Given the following code what is the difference between ptr and ptr2? because size of v is 20 whereas size of &v[0] is 4. Why does this even work? Why not a third pointer like ptr* = &v. All of these have the same base address but what is the difference between first... I'm confused. And it gets even worse when using 2d arrays.

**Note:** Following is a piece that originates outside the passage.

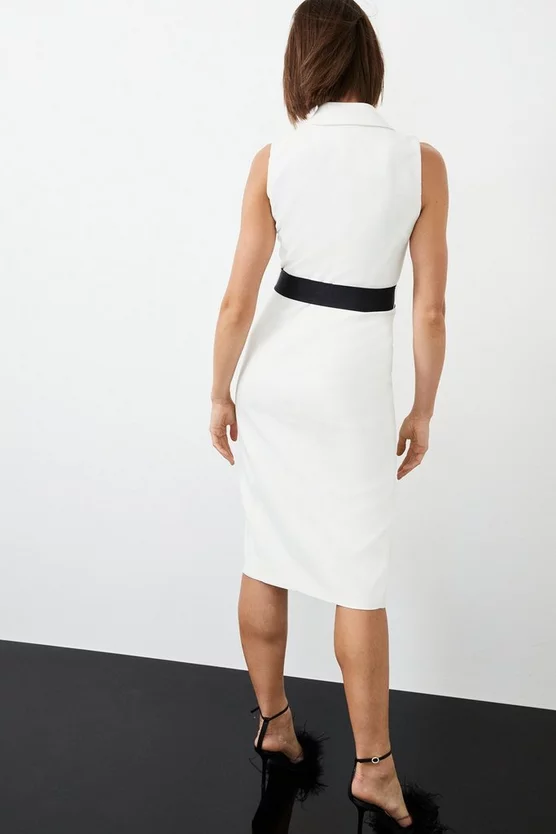 Main & Contrast: 100% Polyester. Lining: 100% Polyester. Dry clean only. Model wears UK 8/US 4. Model height: 5″9. Length measurement: 116cm.

Thank you for your help!

#include <iostream>
using namespace std;

int main(void)
{
    int v[5] = { 1, 2, 3, 4, 5 };
    int *ptr = v;
    int *ptr2 = &v[0];

    cout << sizeof(v) << endl << sizeof(&v[0]) << endl;
    cout << v << endl << &v << endl << &v[0];
    system("pause");
    return 0;
}

Answer 1

In the context of int *ptr = v;, the array v decays to &v[0]. In the context of sizeof(v), it's still an array.

Answer 2

#include <stdio.h>
int main()
{
    printf("%zu\n", sizeof(int));
    // 4 (on a 64 bit arch)
    printf("%zu\n", sizeof(int*));
    // 8 (on a 64 bit arch)

    int v[5] = {0};

    /*Arrays are real and sizeof digs that.
      sizeof v == sizeof(int) * 5 
      */
    printf("%zu\n", sizeof v);
    // 20

    /*But,
      they convert to pointers to the first element 
      in pointer arithmetic expressions and in function calls
    */

    assert( v+0 == &v[0] );

    /*
       &v[0] != &v 

       While they're the same numerically:

    */
    assert ( (void*)&v == (void*)&v[0] );
#if 0
    /*They have distinct types and so this doesn't compile*/

    assert ( &v == &v[0] );
#endif

    /*The difference shows in pointer arithmetic*/

    /*adding 1 to v (== &v[0]) increments the pointer by sizeof(int) (== sizeof(v[0]) ) */
    assert ( (void*) (&v[0] + 1)  == (char*)&v[0] + sizeof(v[0]) );

    /*whereas adding 1 to &v increments the pointer by sizeof v (==5 * 4)*/

    assert ( (void*) (&v + 1)  == (char*)&v[0] + sizeof(v) );

    puts("success");
    return 0;
}